Print every line below exactly. Skip the pictures.

[[ Information provided, beginning ]]

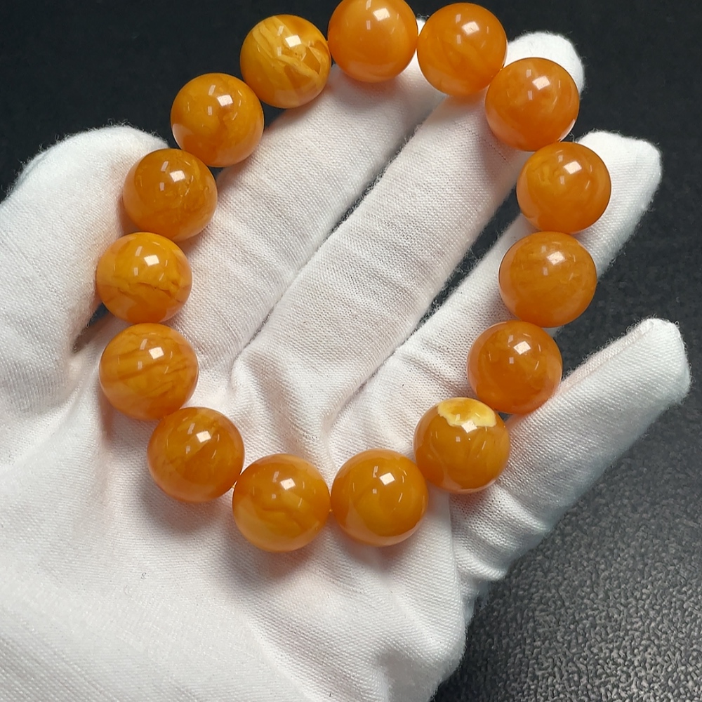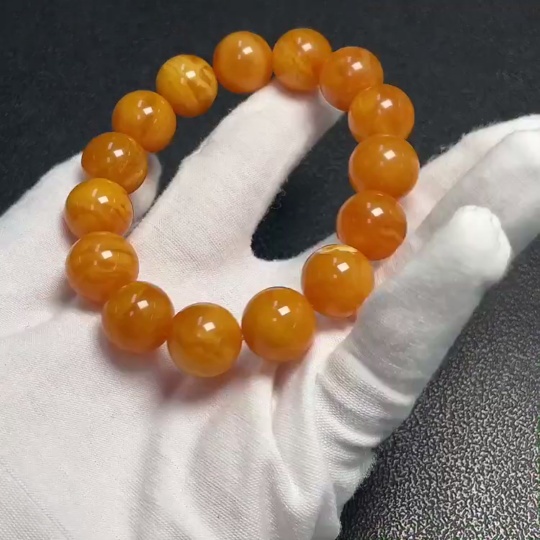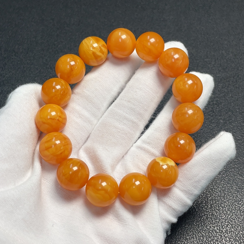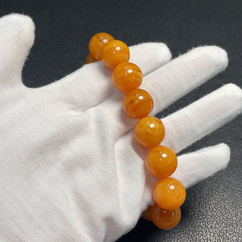 Amber Beeswax Bracelet, color origin undetermined, total weight approximately 23.71g, size about 13.9mm
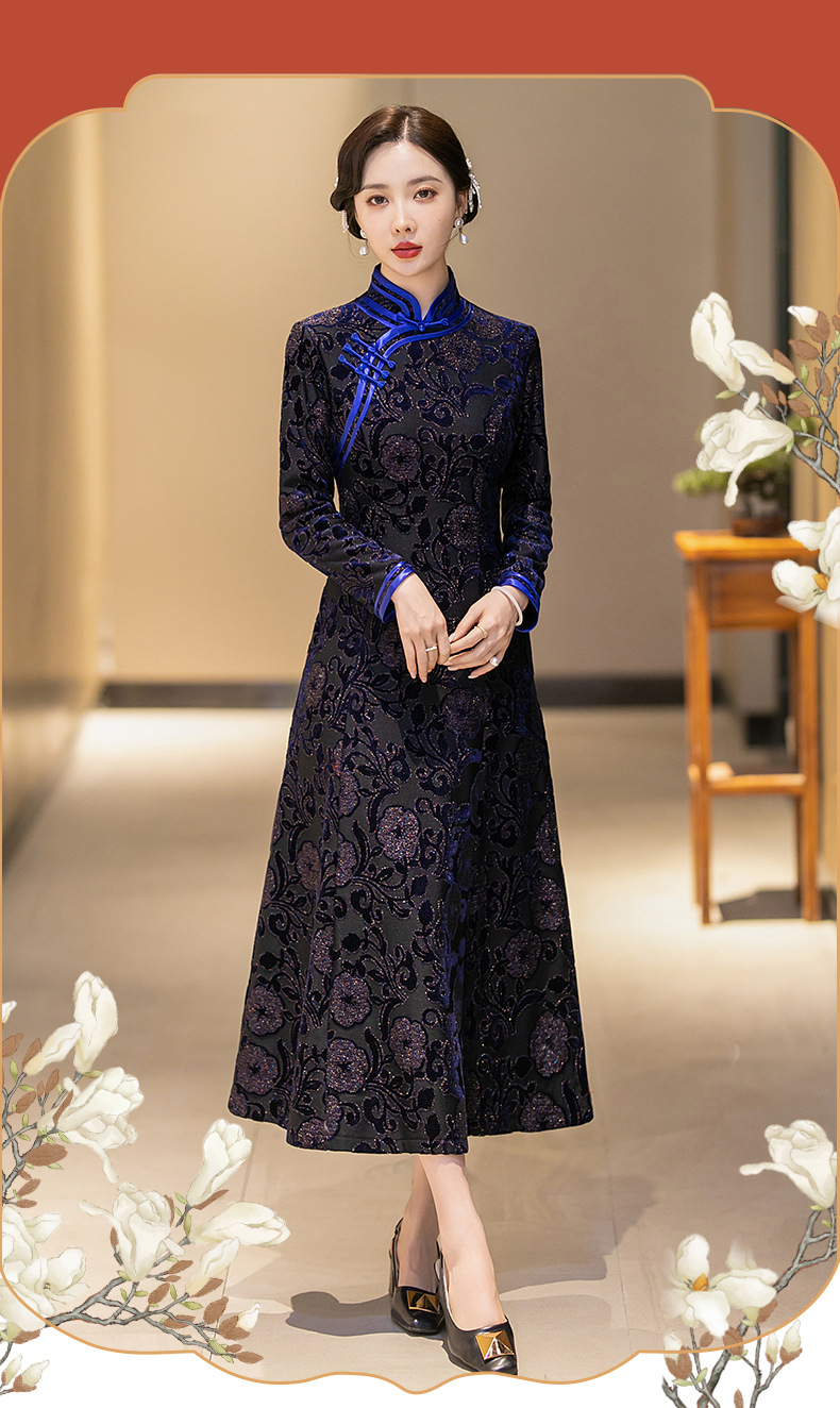 新中式高贵冬天加厚加绒连衣裙长袖SYG751
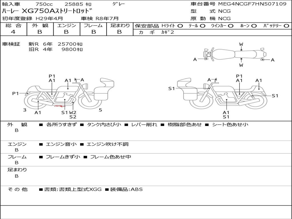 | Номер рамы / VIN | MEG4NCGF7HN507109 |
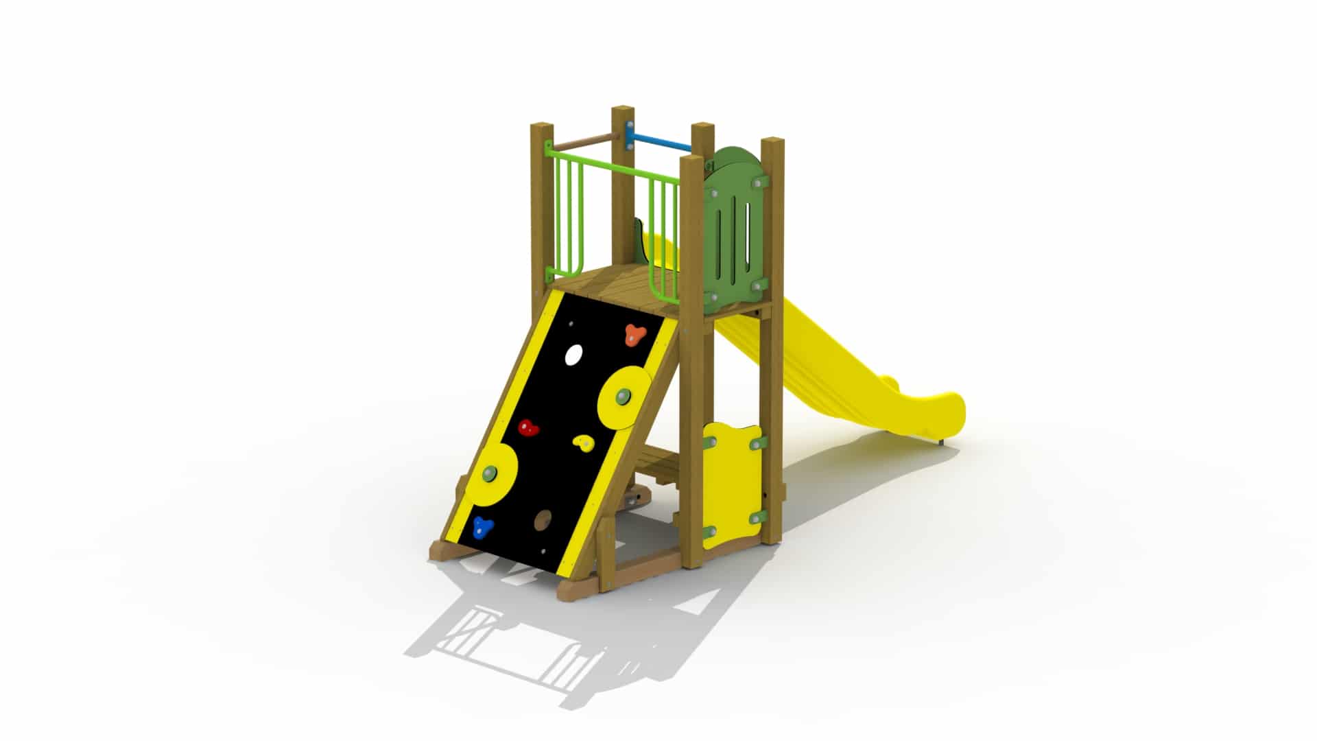 Een klimtoestel met een rotswand langs de ene zijde en een kunststof glijbaan en verticale ladder aan de andere zijde voor kinderen van 3 tot 12 jaar. Onderaan is een speelhuisje met zitbankje voorzien. Het geheel is ideaal voor reeds verharde oppervlakten omdat alleen de glijbaan in de grond verankerd moeten worden. De bevestiging van de onderbalken kan gebeuren met grondankers (T600). Hiervoor is beton nodig. Alle metalen onderdelen worden roestvrij voorbehandeld en alle moeren en bouten worden volledig afgeschermd met bloemvormige kunststof afdekdoppen. Aan dit toestel kan een extra rechte glijstang (ref. S010) of spiraalglijstang (ref. S020) toegevoegd worden.Er is keuze tussen rode of groene zijwanden op alle structuren!

[[ Information provided, end ]]

▶ Result for this exercise:
 Amber Beeswax Bracelet, color origin undetermined, total weight approximately 23.71g, size about 13.9mm
 新中式高贵冬天加厚加绒连衣裙长袖SYG751
 | Номер рамы / VIN | MEG4NCGF7HN507109 |
 Een klimtoestel met een rotswand langs de ene zijde en een kunststof glijbaan en verticale ladder aan de andere zijde voor kinderen van 3 tot 12 jaar. Onderaan is een speelhuisje met zitbankje voorzien. Het geheel is ideaal voor reeds verharde oppervlakten omdat alleen de glijbaan in de grond verankerd moeten worden. De bevestiging van de onderbalken kan gebeuren met grondankers (T600). Hiervoor is beton nodig. Alle metalen onderdelen worden roestvrij voorbehandeld en alle moeren en bouten worden volledig afgeschermd met bloemvormige kunststof afdekdoppen. Aan dit toestel kan een extra rechte glijstang (ref. S010) of spiraalglijstang (ref. S020) toegevoegd worden.Er is keuze tussen rode of groene zijwanden op alle structuren!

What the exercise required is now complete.